JEFFERSON CITY, Mo. – Missouri Attorney General Eric Schmitt asked the United States Supreme Court on Thursday to review Missouri’s law prohibiting abortions of unborn children with Down syndrome.
Schmitt did so through filing a petition for a writ of certiorari in Schmitt v. Reproductive Health Services of Planned Parenthood of the St. Louis Region.
“In the face of this genocidal crisis, Missouri and at least 11 other States have enacted laws restricting the eugenic abortion of the disabled, especially those with Down syndrome,” the petition read. “In 2019, this Court declined to review the Seventh Circuit’s decision invalidating one of these laws—Indiana’s—because no Circuit split yet existed. Since then, a clear and well-developed split of authority has emerged.”

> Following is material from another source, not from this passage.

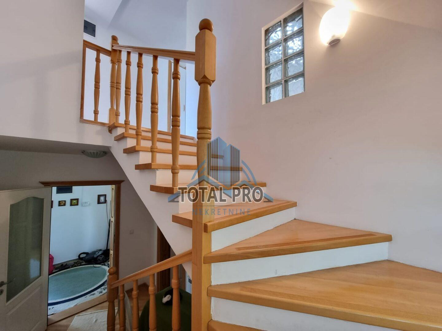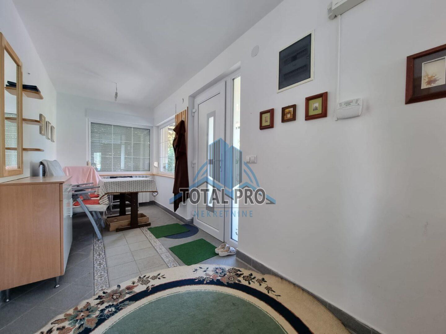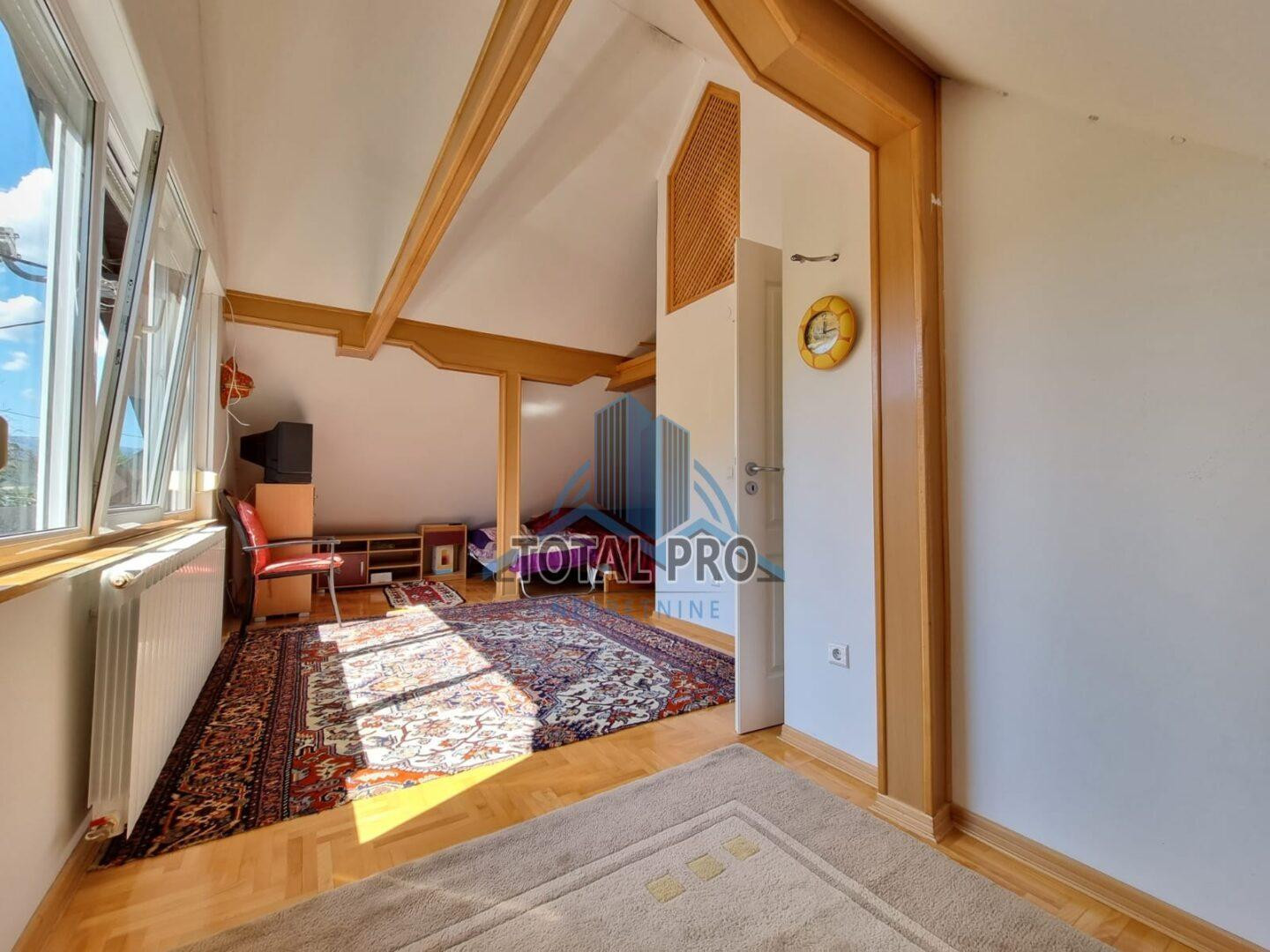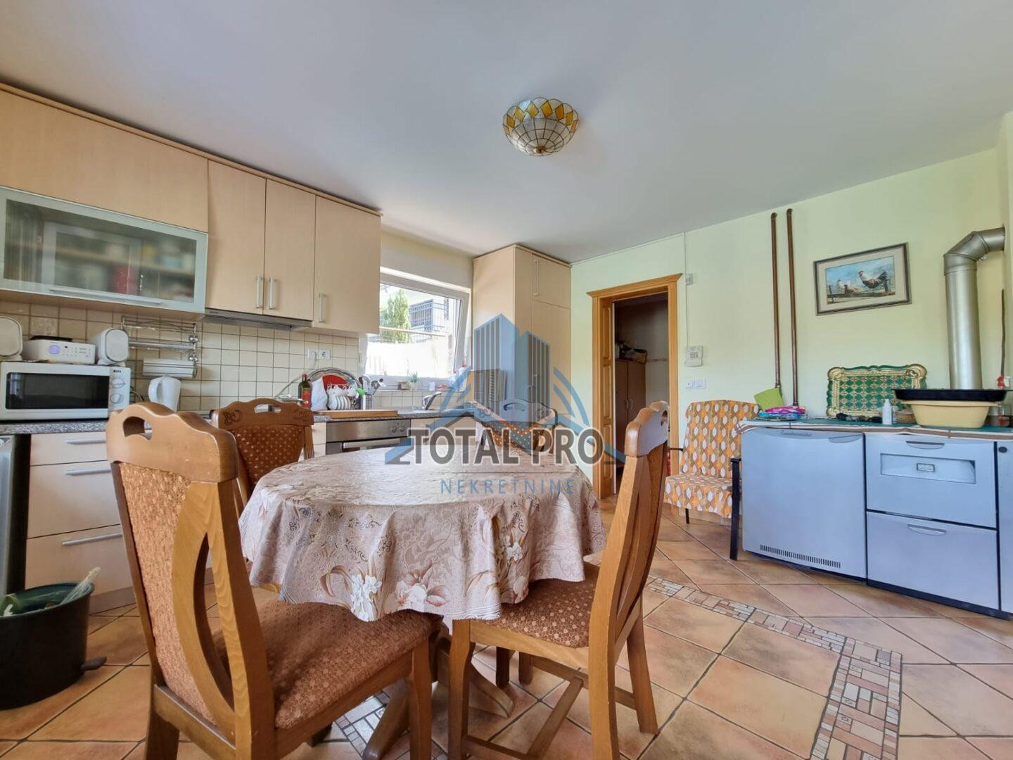 U prizemlju kuće nalazi se garaža sa rolo vratima, kao i veliki parking prostor za više vozila.

Schmitt has a son with Down syndrome and has continually fought to outlaw abortions on the basis of a prenatal diagnosis of Down syndrome. He is asking the Supreme Court to resolve a circuit split on such laws, and to reverse a decision by a lower court that deemed banning these types of abortions as “categorically unconstitutional”.
“My son Stephen has shown me the inherent beauty in life, and he brings immense joy and love to his loved ones and those around him,” Schmitt said. “Since taking office, I’ve fought to protect all life, including the unborn. A prenatal diagnosis of Down syndrome should not be a death sentence.”
Per a press release from the Attorney General’s office, the specifics of what Schmitt has asked the Supreme Court to review are below:
The petition, which was filed earlier today, presents three questions for the Supreme Court’s review:
Whether Missouri’s restriction on abortions performed solely because the unborn child may have Down syndrome is categorically invalid under Casey and Roe v. Wade, 410 U.S. 113 (1973), or whether it is a valid, reasonable regulation of abortion that seeks to prevent the elimination of children with Down syndrome through eugenic abortion?
Whether Missouri’s restrictions on abortions performed after eight, fourteen, eighteen, and twenty weeks’ gestational age are categorically invalid, or whether they are valid, reasonable regulations of abortion that advance important state interests?
Whether the “penumbral” right to abortion recognized in Roe v. Wade, 410 U.S. 113 (1973), and partially reaffirmed in Planned Parenthood of Southeastern Pennsylvania v. Casey, 505 U.S. 833 (1992), should be overruled?
Schmitt has previously led a 22-state coalition supporting a similar law in Arkansas to ban abortions on the basis of a prenatal diagnosis of Down syndrome.